L’altra cosa che mi piace sentirmi dire è: “Cavolo, è bello vivere sei/nove mesi in un altro
paese!”, perché magari ci sono problemi simili ai nostri, però la gente vive diversamente.
Al di là del linguaggio - è sempre utile avere una lingua in più piuttosto che una lingua in
meno: questo è uno dei miei rimpianti, so solo l’inglese e lo so male, il brianzolo non è
ancora una lingua riconosciuta - è bello vedere un ventenne che torna e dice: “Mi sono
confrontato con dei modi di vivere diversi e ci sono delle cose che mi piacciono di più del
modo di vivere delle persone in Italia e ci sono delle cose che invece mi danno
terribilmente fastidio”. Questo vale anche se andate a lavorare, invece che studiare; non
vale solo per l’Erasmus, vale per una qualunque esperienza fatta in un altro paese. È
un’occasione, sotto tutti e due i punti di vista.
Aletti: Posso invece suggerire una cosa che dovreste fare secondo me?
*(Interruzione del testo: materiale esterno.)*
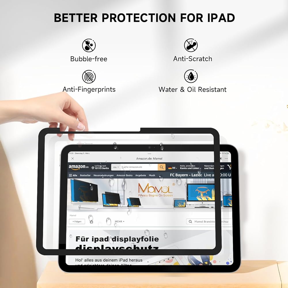 【خالية من الفقاعات】 يتميز الغشاء الواقي لجهاز iPad 12.9 بمواد أفضل وتكنولوجيا متقدمة، عند تثبيت واقي شاشة iPad المضاد للضوء الأزرق سيتناسب تلقائيًا بسلاسة مع شاشة iPad، ولا يوجد فقاعات هواء أو فوضى لاصقة عند التحرك. يرجى التأكد من تنظيف شاشة iPad باستخدام الملحقات المرفقة لدينا قبل التثبيت لتجنب فقاعات الهواء.

Lo dico a quelli
che tornano dall’Erasmus: mettete su un bel sito in cui la gente che va fuori e fa una tesi
con qualche professore racconta e dice com’è andata l’esperienza con quel professore o
con quel tipo di tesi, perché spesso mi capita che veniate a chiedere: “Quali sono i
professori bravi a far ricerca in questo dipartimento?”. C'è un abisso tra la conoscenza
che noi abbiamo e l’esperienza di tesi che voi farete. Cioè, non è detto innanzitutto che
lavorerete con lui anche se vi ha detto vi darà la tesi, non è detto che poi vi segua, non è
detto che gli interessi il lavoro che state facendo. Questo ve lo dico proprio perché la
valutazione che voi date sui docenti è totalmente diversa dalla valutazione che dà il
mondo accademico dei docenti: voi potete avere un'esperienza di crescita, in cui capite le
cose, in cui riuscite a imparare con dei docenti che invece dal punto di vista accademico
non sono valutati, non sono considerati molto - potrei farvi tanti esempi. Allora se voi
venite a chiedere a noi docenti: “Se vado in quell’università, con chi posso andare a
lavorare?” noi ve lo possiamo dire, però non è così sicuro come l’esperienza di un altro
che c’è andato e ha già fatto la tesi con quel professore. Certo, se mi vieni a chiedere: “
Questo qua si occupa di queste cose, c’entra con questa cosa che mi interessa?” a questo
ti so rispondere. Questo è importante, vi invito a farlo: mettete su un sito, mettete su una
tabella di Excel, scrivetelo su un foglio, ma non perdete questa ricchezza della gente che
è andata via. Anche banalmente per capire le priorità: se bisogna prendere la casa a
settembre quando uno deve partire a febbraio o a gennaio, sono cose che uno che c’è
stato ti dice in un attimo. Vedo l’obiezione più grossa sul fatto di andare via a studiare o a
fare la tesi in Erasmus più a questo livello di organizzazione. Le sedi sono, grazie a Dio,
buone, di solito la gente fa una buona esperienza; non tutti i docenti di tesi sono allo
stesso livello, su questo secondo me vale la pena che ci sia un tam tam. Questo è proprio
un suggerimento di network, voi poi magari andate su Facebook e trovate tutti i giudizi...
**: Ringrazio ancora entrambi i docenti, penso che ci abbiano dato molti spunti, rispetto
alle domande che abbiamo fatto, su cui lavorare in questo anno. Quindi grazie ancora e
buon anno a tutti.
Aletti: Spero che di spunti su cui lavorare quest’anno ve ne diamo tanti anche a lezione.